Your copy of the lines below must match them exactly and contain no images.

RECORDED INFORMATION >>
--------

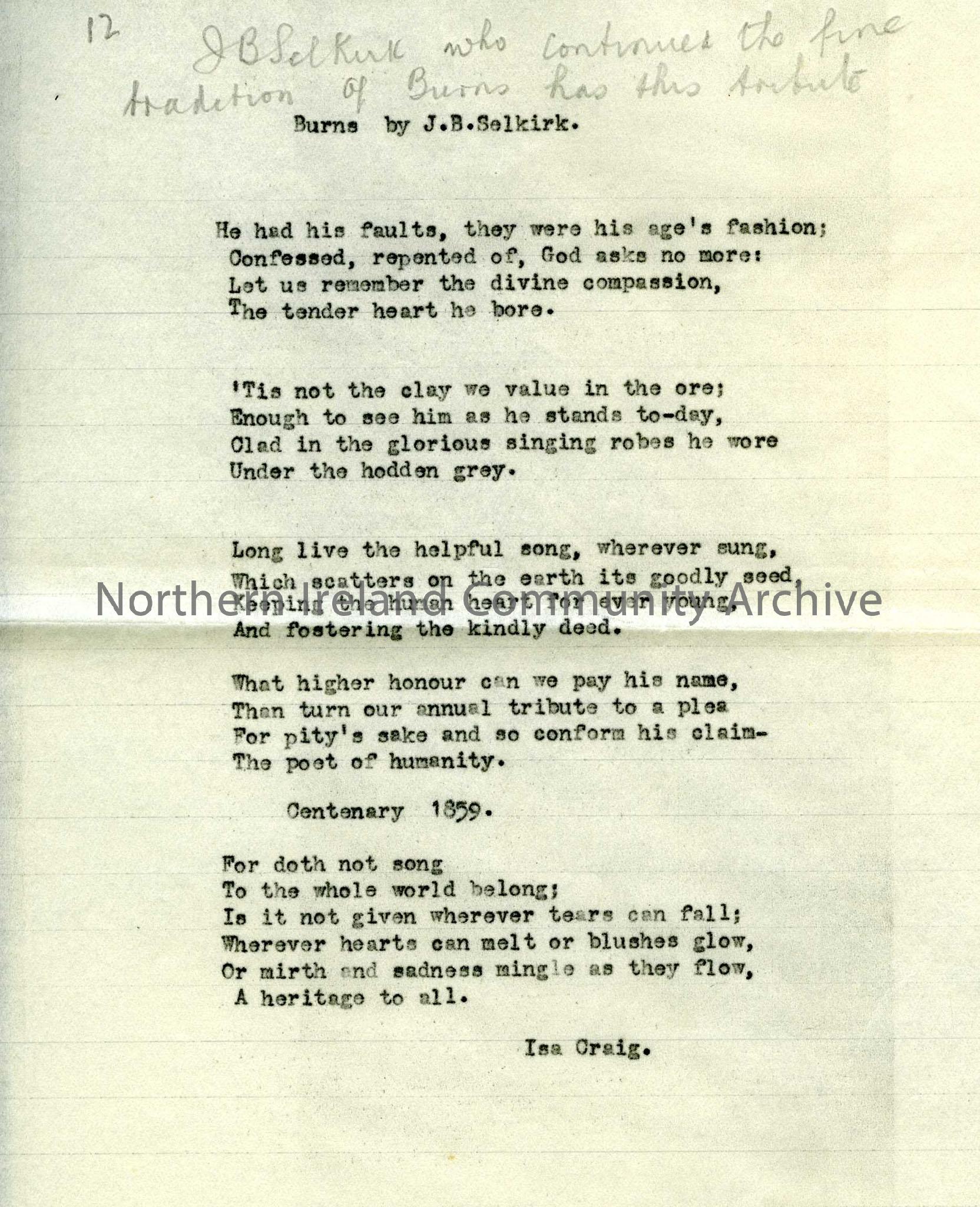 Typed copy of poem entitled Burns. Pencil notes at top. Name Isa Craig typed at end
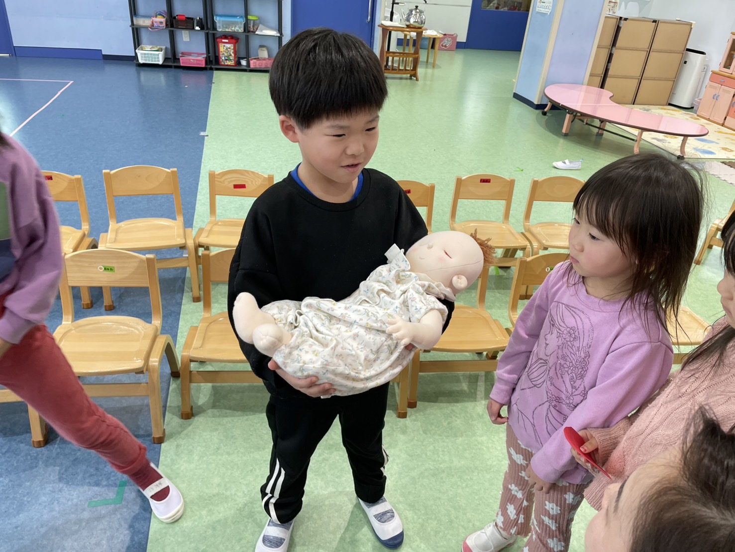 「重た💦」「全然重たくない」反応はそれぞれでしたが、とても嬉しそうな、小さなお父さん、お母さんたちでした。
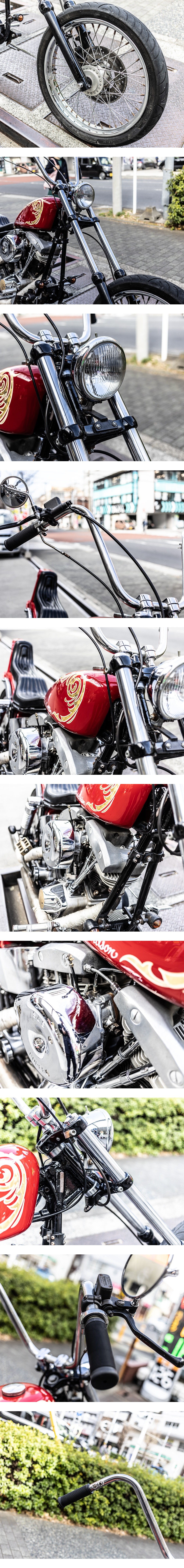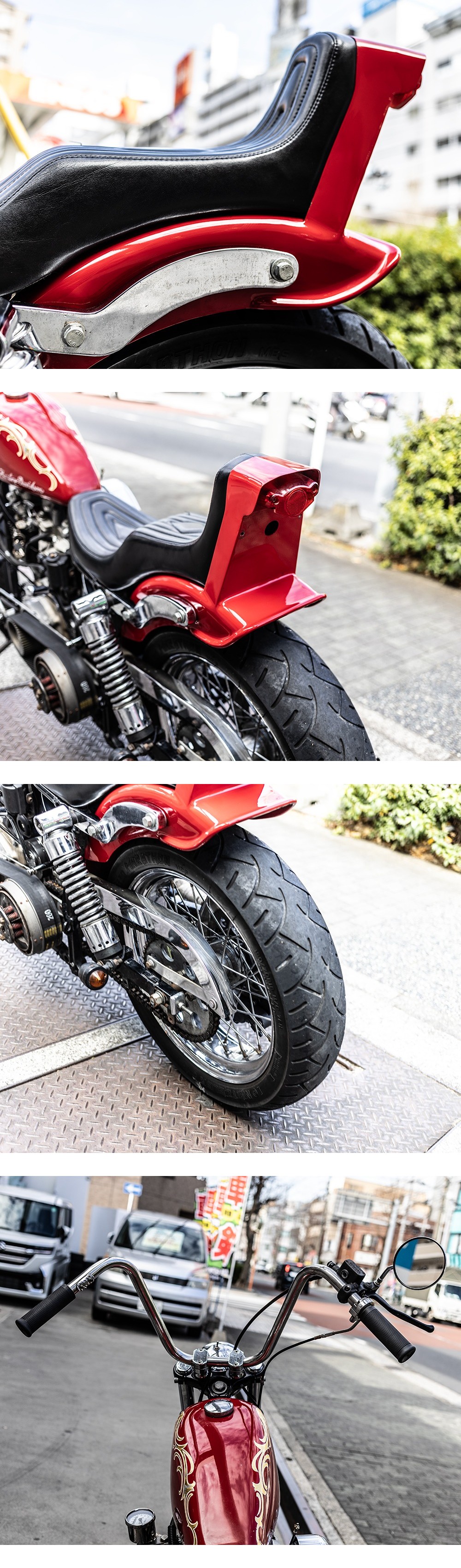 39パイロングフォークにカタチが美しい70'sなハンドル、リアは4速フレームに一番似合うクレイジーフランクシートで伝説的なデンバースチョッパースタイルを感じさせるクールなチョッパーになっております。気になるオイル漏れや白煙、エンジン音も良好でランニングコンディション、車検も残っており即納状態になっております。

--------

ANSWER SECTION >>
 Typed copy of poem entitled Burns. Pencil notes at top. Name Isa Craig typed at end
 「重た💦」「全然重たくない」反応はそれぞれでしたが、とても嬉しそうな、小さなお父さん、お母さんたちでした。
 39パイロングフォークにカタチが美しい70'sなハンドル、リアは4速フレームに一番似合うクレイジーフランクシートで伝説的なデンバースチョッパースタイルを感じさせるクールなチョッパーになっております。気になるオイル漏れや白煙、エンジン音も良好でランニングコンディション、車検も残っており即納状態になっております。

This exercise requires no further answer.